What needs to be done:
Leave out the pictures and restate every entry word for word.

Material supplied:

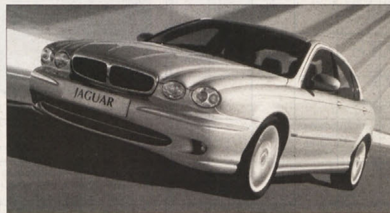
Slika 3: X-type je prvi jaguar, ki je cenejši od 10 milijonov tolarjev.
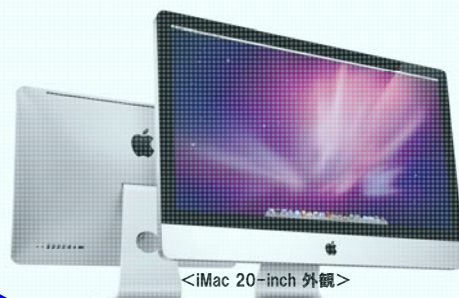
<iMac 20-inch 外観>

次期システムでは全端末にiMac 20-inchを導入します。動画や写真・音楽などの編集に優れており、スリムな筐体ながら機能性も備えています。
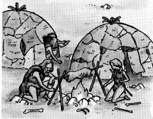
1. La préhistoire

Ce lieu a été occupé par les hommes préhistoriques, il y a très longtemps, puis par les Gaulois, par les hommes du Moyen Âge et par les hommes d'aujourd'hui. Chaque groupe a laissé des vestiges de son passage (objets jetés ou perdus...). Peu à peu, les vestiges sont enfouis dans le sol : les objets les plus anciens sont profondément enterrés, les plus récents sont au-dessus. Chaque « étage » du sol est appelé « couche archéologique ».

Exercise output:
Slika 3: X-type je prvi jaguar, ki je cenejši od 10 milijonov tolarjev.
<iMac 20-inch 外観>

次期システムでは全端末にiMac 20-inchを導入します。動画や写真・音楽などの編集に優れており、スリムな筐体ながら機能性も備えています。
1. La préhistoire

Ce lieu a été occupé par les hommes préhistoriques, il y a très longtemps, puis par les Gaulois, par les hommes du Moyen Âge et par les hommes d'aujourd'hui. Chaque groupe a laissé des vestiges de son passage (objets jetés ou perdus...). Peu à peu, les vestiges sont enfouis dans le sol : les objets les plus anciens sont profondément enterrés, les plus récents sont au-dessus. Chaque « étage » du sol est appelé « couche archéologique ».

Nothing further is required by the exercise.